§ WORK TO COMPLETE
Give the data again exactly as it appears, excluding any pictures.

§ RAW DATA
┄┄┄┄┄┄┄┄┄┄┄┄┄┄┄┄┄┄┄┄

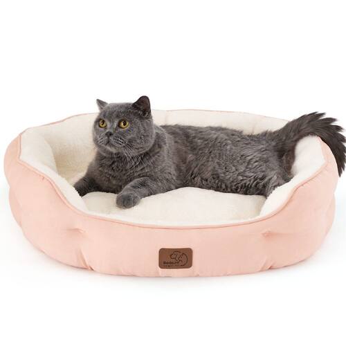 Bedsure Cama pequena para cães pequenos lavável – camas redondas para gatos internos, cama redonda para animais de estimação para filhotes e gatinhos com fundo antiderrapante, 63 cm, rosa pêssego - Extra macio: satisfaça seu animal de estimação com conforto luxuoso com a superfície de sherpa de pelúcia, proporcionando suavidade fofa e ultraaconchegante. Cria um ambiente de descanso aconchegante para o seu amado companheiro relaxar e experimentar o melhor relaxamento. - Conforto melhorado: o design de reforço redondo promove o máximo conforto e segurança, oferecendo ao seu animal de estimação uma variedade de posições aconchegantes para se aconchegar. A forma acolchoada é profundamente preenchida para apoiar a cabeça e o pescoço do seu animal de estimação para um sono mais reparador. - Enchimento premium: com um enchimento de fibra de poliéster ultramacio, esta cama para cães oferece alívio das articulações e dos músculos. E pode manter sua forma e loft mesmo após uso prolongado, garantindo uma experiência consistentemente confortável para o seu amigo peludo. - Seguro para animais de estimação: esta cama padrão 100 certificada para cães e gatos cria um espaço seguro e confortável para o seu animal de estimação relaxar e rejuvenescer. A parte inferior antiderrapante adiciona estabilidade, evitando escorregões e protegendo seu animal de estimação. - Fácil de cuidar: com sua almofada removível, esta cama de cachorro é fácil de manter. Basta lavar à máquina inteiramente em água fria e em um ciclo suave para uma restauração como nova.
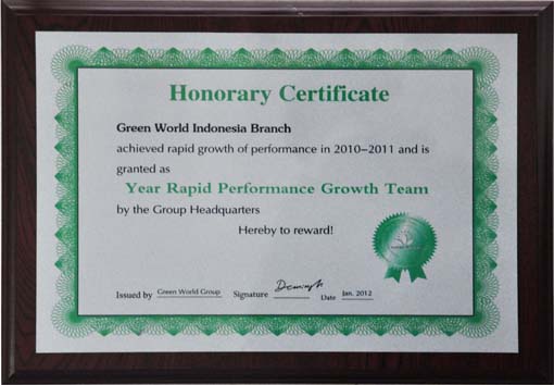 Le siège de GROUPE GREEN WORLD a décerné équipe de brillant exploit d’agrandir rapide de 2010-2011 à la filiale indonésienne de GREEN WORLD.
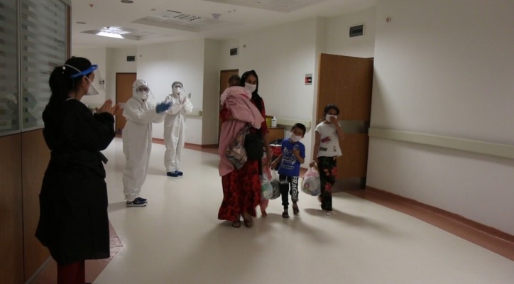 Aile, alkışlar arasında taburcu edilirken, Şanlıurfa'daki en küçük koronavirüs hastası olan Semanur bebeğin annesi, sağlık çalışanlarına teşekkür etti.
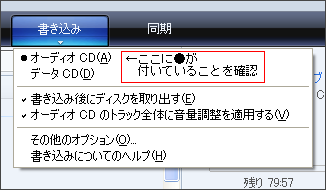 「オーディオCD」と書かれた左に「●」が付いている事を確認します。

┄┄┄┄┄┄┄┄┄┄┄┄┄┄┄┄┄┄┄┄

§ ANSWER
 Bedsure Cama pequena para cães pequenos lavável – camas redondas para gatos internos, cama redonda para animais de estimação para filhotes e gatinhos com fundo antiderrapante, 63 cm, rosa pêssego - Extra macio: satisfaça seu animal de estimação com conforto luxuoso com a superfície de sherpa de pelúcia, proporcionando suavidade fofa e ultraaconchegante. Cria um ambiente de descanso aconchegante para o seu amado companheiro relaxar e experimentar o melhor relaxamento. - Conforto melhorado: o design de reforço redondo promove o máximo conforto e segurança, oferecendo ao seu animal de estimação uma variedade de posições aconchegantes para se aconchegar. A forma acolchoada é profundamente preenchida para apoiar a cabeça e o pescoço do seu animal de estimação para um sono mais reparador. - Enchimento premium: com um enchimento de fibra de poliéster ultramacio, esta cama para cães oferece alívio das articulações e dos músculos. E pode manter sua forma e loft mesmo após uso prolongado, garantindo uma experiência consistentemente confortável para o seu amigo peludo. - Seguro para animais de estimação: esta cama padrão 100 certificada para cães e gatos cria um espaço seguro e confortável para o seu animal de estimação relaxar e rejuvenescer. A parte inferior antiderrapante adiciona estabilidade, evitando escorregões e protegendo seu animal de estimação. - Fácil de cuidar: com sua almofada removível, esta cama de cachorro é fácil de manter. Basta lavar à máquina inteiramente em água fria e em um ciclo suave para uma restauração como nova.
 Le siège de GROUPE GREEN WORLD a décerné équipe de brillant exploit d’agrandir rapide de 2010-2011 à la filiale indonésienne de GREEN WORLD.
 Aile, alkışlar arasında taburcu edilirken, Şanlıurfa'daki en küçük koronavirüs hastası olan Semanur bebeğin annesi, sağlık çalışanlarına teşekkür etti.
 「オーディオCD」と書かれた左に「●」が付いている事を確認します。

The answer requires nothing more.